Of course, the very fact that Rubin’s response had to be translated into English doesn’t do much to counter Steve Jobs’s argument that consumers prefer an integrated, “it just works” product. It also potentially reinforces Jobs’s point that Android is a heavily fragmented platform, given that the nub of Rubin’s tweet is that anybody can download and adapt Android to their needs.
There’s a reason you don’t necessarily let just anybody make public statements for your company: what seems like a really convincing argument to an engineer isn’t necessarily the kind of thing a consumer is going to appreciate—or perhaps even understand.
TweetDeck
As one example of the difficulty developing for a platform as fragmented as Android, Jobs cited Twitter client developer TweetDeck, which recently launched its software on Android. But this is one place where Jobs’s curveball may not have broken quite the way he intended.

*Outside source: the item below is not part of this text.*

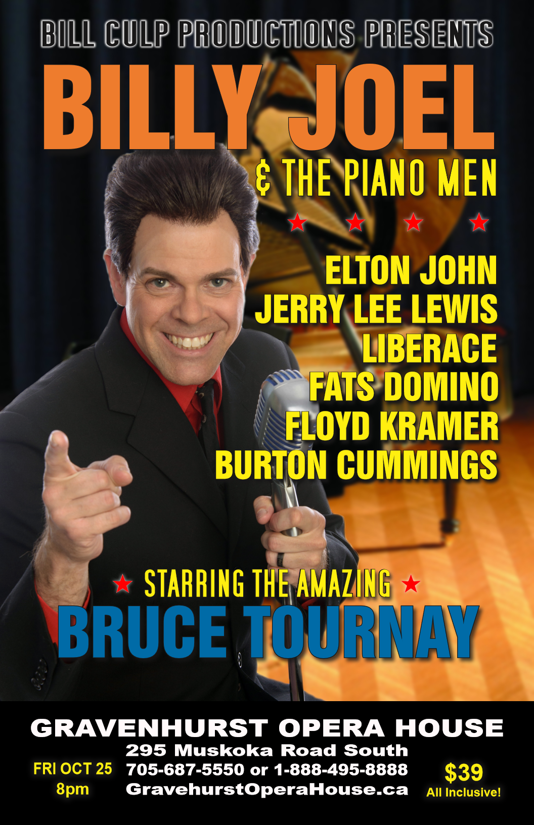 “Billy Joel and The Piano Men” celebrates the greatest piano artists of all time including Billy Joel, Elton John, Burton Cummings, Ray Charles, Jerry Lee Lewis, Nat King Cole, Liberace, Fats Domino, Floyd Cramer and more. Starring the amazing Bruce Tournay from the Memphis Cats on piano and vocals, this unique show combines fantastic live performances with costumes, humour and interesting stories relating to the music and artists being performed. You’ll hear Bruce sing many of your favourite classics including “Piano Man,” “Crocodile Rock,” “Great Balls of Fire,” “My Own Way To Rock” and “Blueberry Hill” amongst many other timeless piano classics!
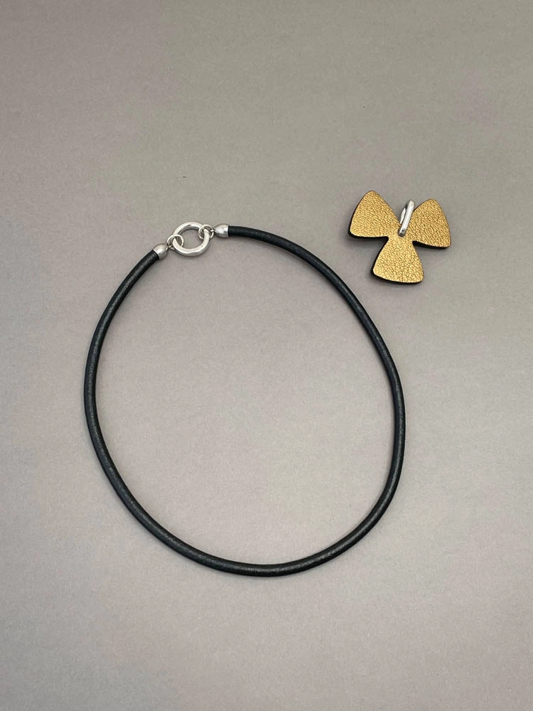 Чокер из кожи ТРИЛИСТНИК бронза чёрный арт 38607

“Twitter client [TweetDeck] recently launched their app for Android,” said Jobs. “They reported that they had to contend with more than a hundred different versions of Android software on 244 different handsets. The multiple hardware and software iterations present developers with a daunting challenge.”
That comment seems to have stemmed from a chart published by the TweetDeck folks showing the huge number of Android handsets and operating system versions used by their beta testers. (And it’s an astounding number: hundreds of phones running dozens of operating system variants.)
But TweetDeck CEO Iain Dodsworth chimed in on Twitter to say that Jobs took the data out of context, writing “Did we at any point say it was a nightmare developing on Android? Errr nope, no we didn’t. It wasn’t.” As the initial TweetDeck blog post says, “From our perspective it’s pretty cool to have our app work on such a wide variety of devices and Android OS variations.” Dodsworth later added that the company had only two developers working on the Android version.
Does it invalidate Jobs’s point that Android is fragmented? Not necessarily: there’s clearly a lot of proliferation of Android hardware and software, and a couple of high profile cases of incompatible software goes a long way to making Jobs’s argument for him. But TweetDeck‘s response shows that perhaps the endeavor isn’t quite as difficult as the Apple CEO would have people believe.